TASK BRIEF: Without any pictures, restate the full set of records below exactly.

BEGIN INFORMATION SHOWN

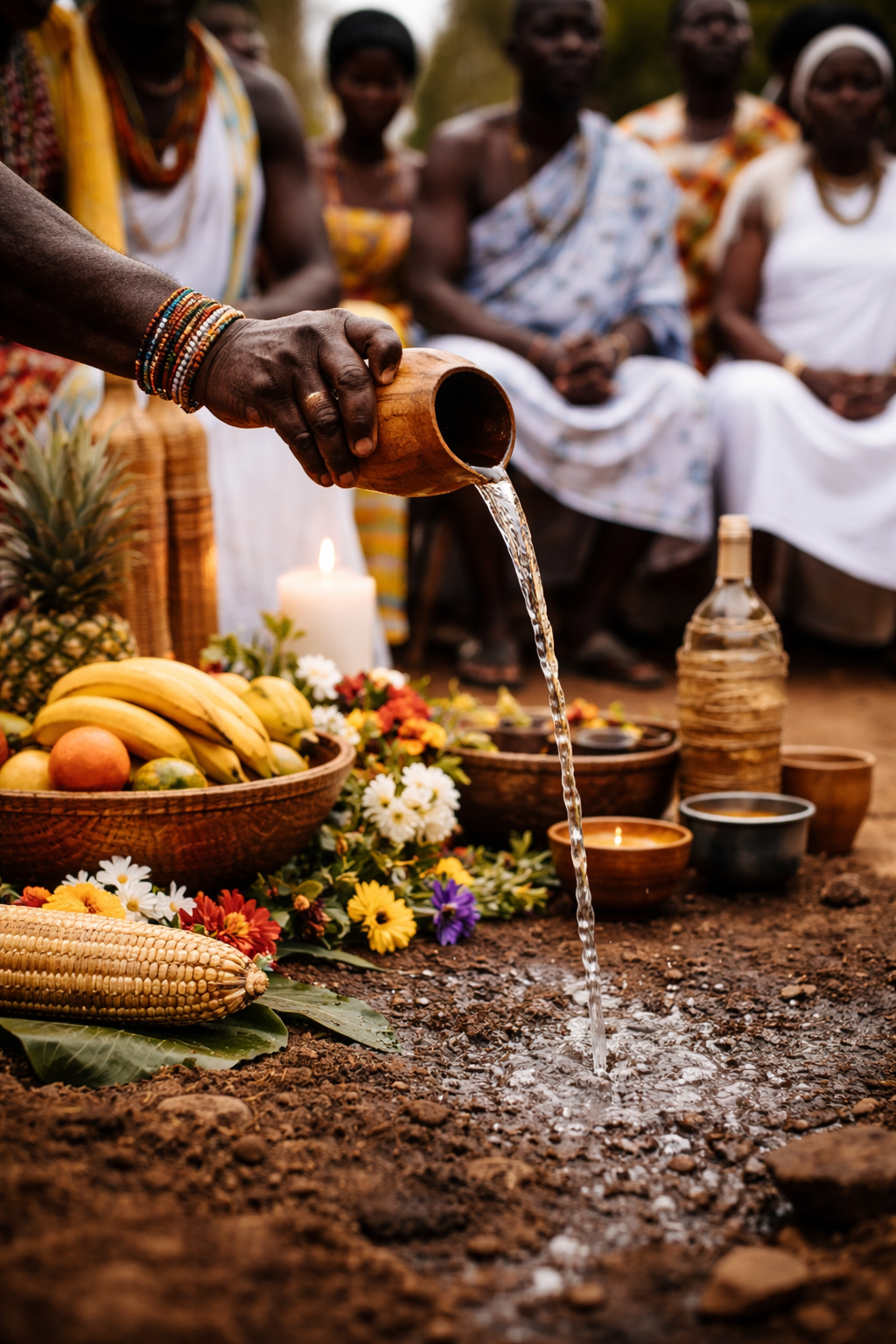 Pouring libations is a precise and intentional practice. Before you pour, you must first open your heart and bring yourself into alignment with what you truly desire to communicate. The liquid serves as the conductor, the channel through which your intention travels. The calabash is the representation of the Earth in your hands. But the practice does not end with the pour. When you drink what remains, your heartbeat is brought into synchronization with the core of the Earth itself, sealing your intention and completing the communication.
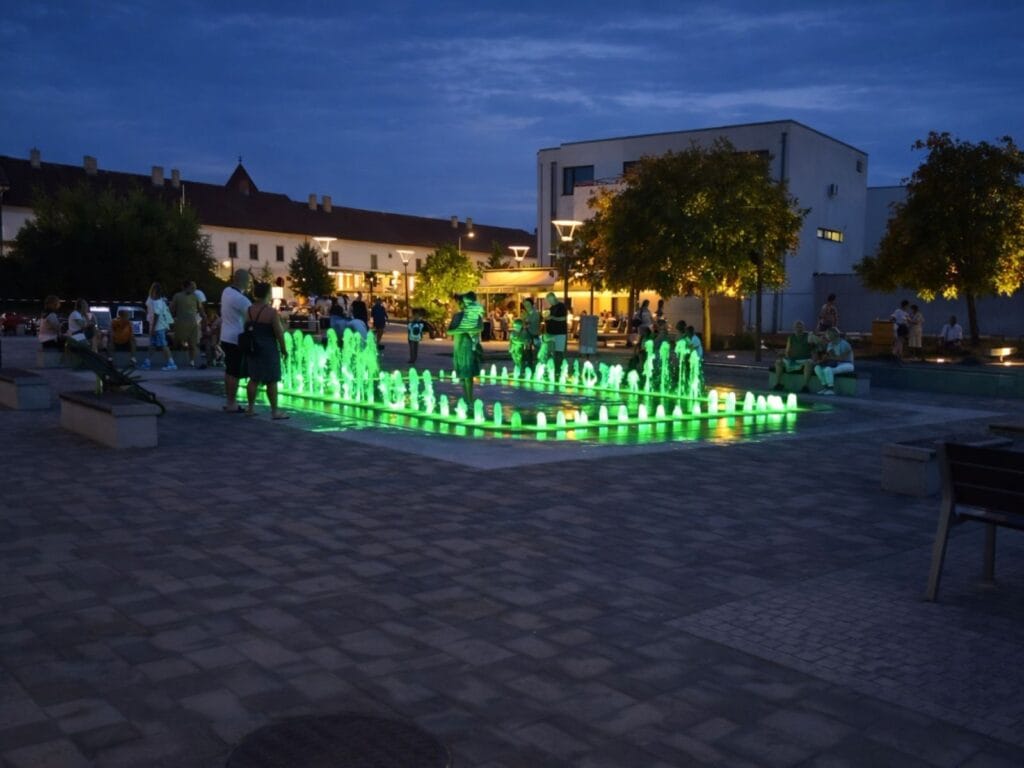 PLC alapú egyedi vezérlési rendszert alakítottunk ki, amely a szökőkút hullámainak vezérléséhez 18 db frekvenciaváltó működését hangolja össze. Az esti látványhoz RGBW LED megvilágítást integráltunk a vezérlésbe, így a vízkép és a fények összehangoltan működnek.A korábbi konstrukciós hiba miatti beázási kockázat kezelésére védelmi funkciót építettünk be: a rendszer figyeli, ha víz gyűlik az aknában, és azonnali push üzenetes értesítést küld. Ez lehetővé teszi a gyors beavatkozást, még a komolyabb meghibásodás előtt.
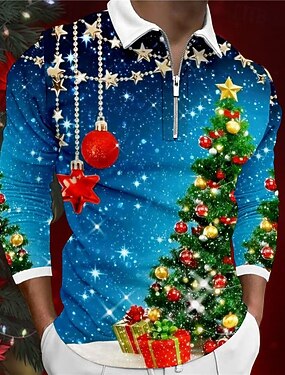 рождество мужская новогодняя елка 3d молния поло дерево повседневная молния гольф длинный рукав для улицы повседневная уличная одежда осень&зимняя 3D-печать отложной воротник молния синий
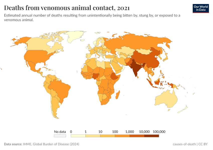 IHME, Global Burden of Disease (2024) – with minor processing by Our World in Data. “Deaths from venomous animal contact” [dataset]. IHME, Global Burden of Disease, “Global Burden of Disease - Deaths and DALYs” [original data]. Retrieved September 5, 2025 from https://data-auxiliary-trade.owid.pages.dev/grapher/deaths-from-venomous-animal-contact
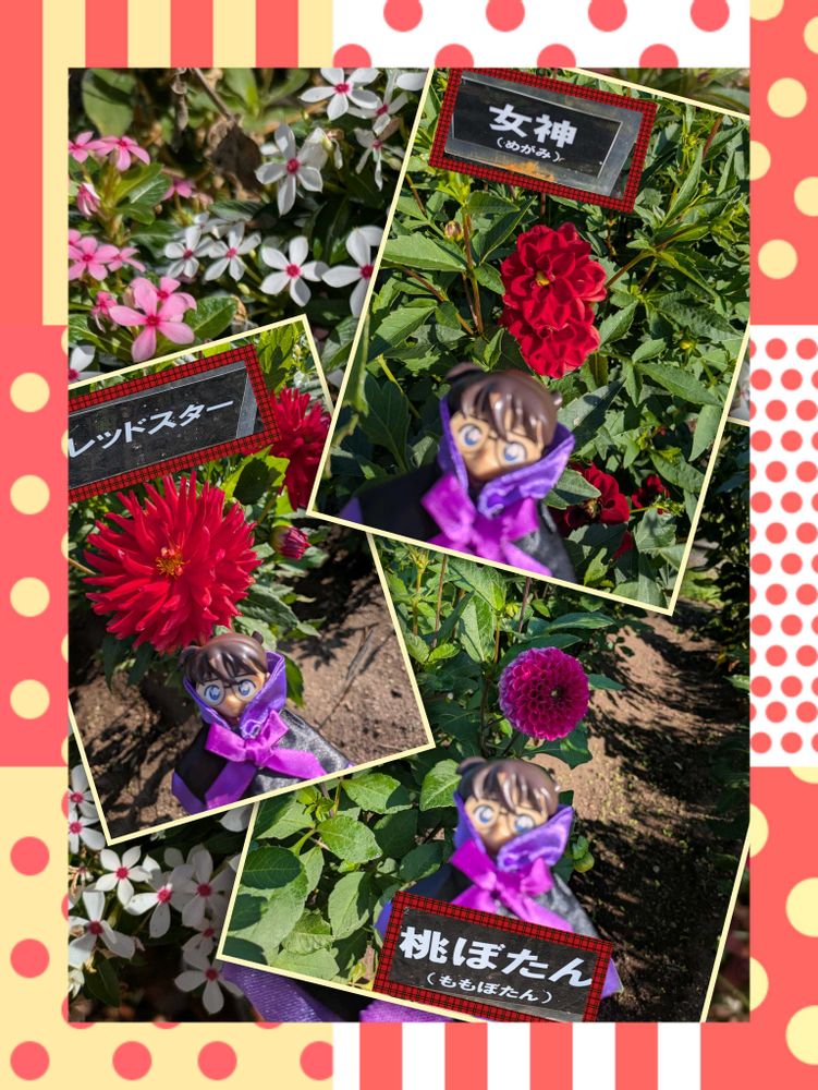 ダリア、サスケママさんはお花をメインに撮ってるけど私のはコナンをメインにして撮ってるから違った雰囲気になるんじゃないかな〜🤗
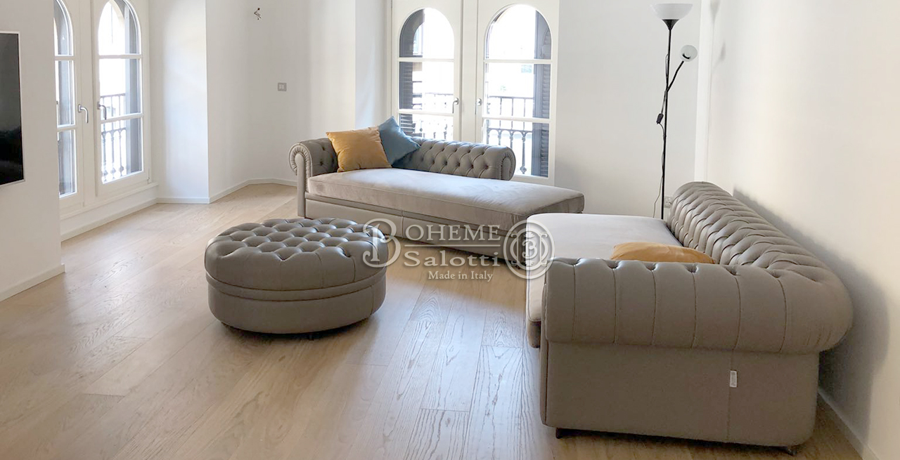 Elegantissimo pouf in pelle, velluto ecc. La lavorazione a capitonné segue fedelmente le metodologie costruttive della più raffinata tradizione classica. Disponibili anche con Swarovski.

END INFORMATION SHOWN

SOLUTION TO THIS TASK:
 Pouring libations is a precise and intentional practice. Before you pour, you must first open your heart and bring yourself into alignment with what you truly desire to communicate. The liquid serves as the conductor, the channel through which your intention travels. The calabash is the representation of the Earth in your hands. But the practice does not end with the pour. When you drink what remains, your heartbeat is brought into synchronization with the core of the Earth itself, sealing your intention and completing the communication.
 PLC alapú egyedi vezérlési rendszert alakítottunk ki, amely a szökőkút hullámainak vezérléséhez 18 db frekvenciaváltó működését hangolja össze. Az esti látványhoz RGBW LED megvilágítást integráltunk a vezérlésbe, így a vízkép és a fények összehangoltan működnek.A korábbi konstrukciós hiba miatti beázási kockázat kezelésére védelmi funkciót építettünk be: a rendszer figyeli, ha víz gyűlik az aknában, és azonnali push üzenetes értesítést küld. Ez lehetővé teszi a gyors beavatkozást, még a komolyabb meghibásodás előtt.
 рождество мужская новогодняя елка 3d молния поло дерево повседневная молния гольф длинный рукав для улицы повседневная уличная одежда осень&зимняя 3D-печать отложной воротник молния синий
 IHME, Global Burden of Disease (2024) – with minor processing by Our World in Data. “Deaths from venomous animal contact” [dataset]. IHME, Global Burden of Disease, “Global Burden of Disease - Deaths and DALYs” [original data]. Retrieved September 5, 2025 from https://data-auxiliary-trade.owid.pages.dev/grapher/deaths-from-venomous-animal-contact
 ダリア、サスケママさんはお花をメインに撮ってるけど私のはコナンをメインにして撮ってるから違った雰囲気になるんじゃないかな〜🤗
 Elegantissimo pouf in pelle, velluto ecc. La lavorazione a capitonné segue fedelmente le metodologie costruttive della più raffinata tradizione classica. Disponibili anche con Swarovski.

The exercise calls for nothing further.